SentencePiece is a subword text tokenizer that can be used in natural language processing (NLP) tasks such as machine translation, language modeling, and speech recognition. It was developed by Google and is open source.

SentencePiece is based on the unigram language model, which assigns probabilities to each subword unit based on the frequency of its occurrence in the training corpus. The subword units can be characters, bytes, or a mixture of both, and they are learned jointly with the task-specific model. This allows the model to represent rare words or words that were not present in the training corpus.

Advantages 

One of the main advantages of SentencePiece is its flexibility. It can be used with any language and script, and it allows for easy customization of the tokenization process. This is particularly useful for languages with complex morphology, such as agglutinative languages like Turkish or Korean.

Another advantage of SentencePiece is its ability to handle out-of-vocabulary (OOV) words. Since the model learns subword units based on the training corpus, it can represent words that were not present in the corpus by breaking them down into subword units.

disadvantages

However, one potential disadvantage of SentencePiece is that it requires more memory than traditional tokenization methods, as it needs to store the subword vocabulary. Additionally, the tokenization process can be slower, especially during training, as it requires running an additional optimization step to learn the subword units.

how SentencePiece works

SentencePiece is a subword tokenizer that works by breaking down words into smaller units called subwords. These subwords can be thought of as building blocks that can be used to represent any word, even if it's not present in the training corpus. This is useful for dealing with rare or unseen words, as well as for languages with complex morphology where words can have many different forms.



1.   First, the tokenizer is trained on a corpus of text. During training, the tokenizer learns a set of subword units and their corresponding frequencies. This is done using an unsupervised learning approach based on the unigram language model, which assigns probabilities to each subword unit based on its frequency in the training corpus.
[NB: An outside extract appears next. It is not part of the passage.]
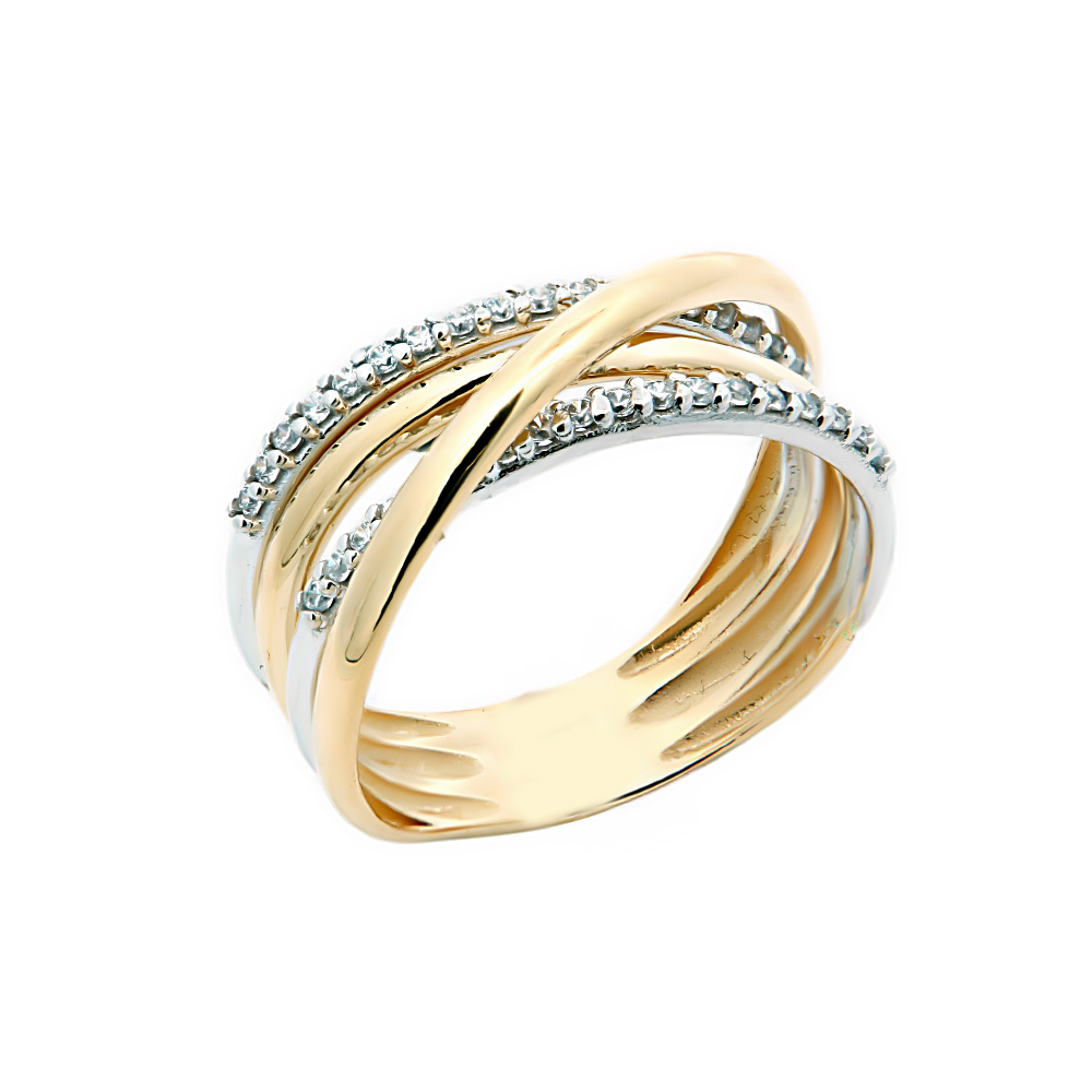 Δίχρωμο φαρδύ δαχτυλίδι Κ14 με ζιργκόν πέτρες

2.   Once the tokenizer has been trained, it can be used to tokenize new text. When a word is encountered that is not in the tokenizer's vocabulary, it is broken down into subword units that are present in the vocabulary. This is done using a greedy algorithm that iteratively selects the longest matching subword unit from the vocabulary.
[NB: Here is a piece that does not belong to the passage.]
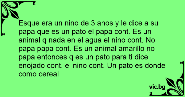 Esque era un nino de 3 anos y le dice a su papa que es un pato el papa cont. Es un animal q nada en el agua el nino cont. No papa papa cont. Es un animal amarillo no papa entonces q es un pato para ti dice enojado cont. el nino cont. Un pato es donde como cereal

For example, let's say we have the word "unseen" and the tokenizer's vocabulary consists of the subwords "un", "seen", and "k". The tokenizer would break down "unseen" into "un" and "seen", because those subwords are present in the vocabulary. The subwords are then represented as separate tokens in the tokenized output.

During training or inference, the subwords can be encoded as integers or embeddings and used as input to a machine learning model. This allows the model to handle words that were not present in the training corpus, as well as to represent rare words more effectively.

In [None]:
import tensorflow as tf
import numpy as np
from collections import Counter

# Train tokenizer on a corpus of text
def train_tokenizer(data_path, model_prefix, vocab_size):
    # Load corpus
    with open(data_path, "r", encoding="utf-8") as f:
        corpus = f.read()

    # Compute subwords using unigram language model
    subwords = get_subwords(corpus, vocab_size)

    # Write subwords to file
    with open(f"{model_prefix}.vocab", "w", encoding="utf-8") as f:
        for subword in subwords:
            f.write(f"{subword} {subwords[subword]}\n")

    # Save tokenizer config
    config = {
        "vocab_size": vocab_size,
        "unk_token": "<unk>",
        "bos_token": "<s>",
        "eos_token": "</s>",
        "pad_token": "<pad>",
    }
    np.save(f"{model_prefix}.config", config)

# Load trained tokenizer
def load_tokenizer(model_prefix):
    # Load subwords and frequencies from file
    subwords = {}
    with open(f"{model_prefix}.vocab", "r", encoding="utf-8") as f:
        for line in f:
            subword, freq = line.strip().split()
            subwords[subword] = int(freq)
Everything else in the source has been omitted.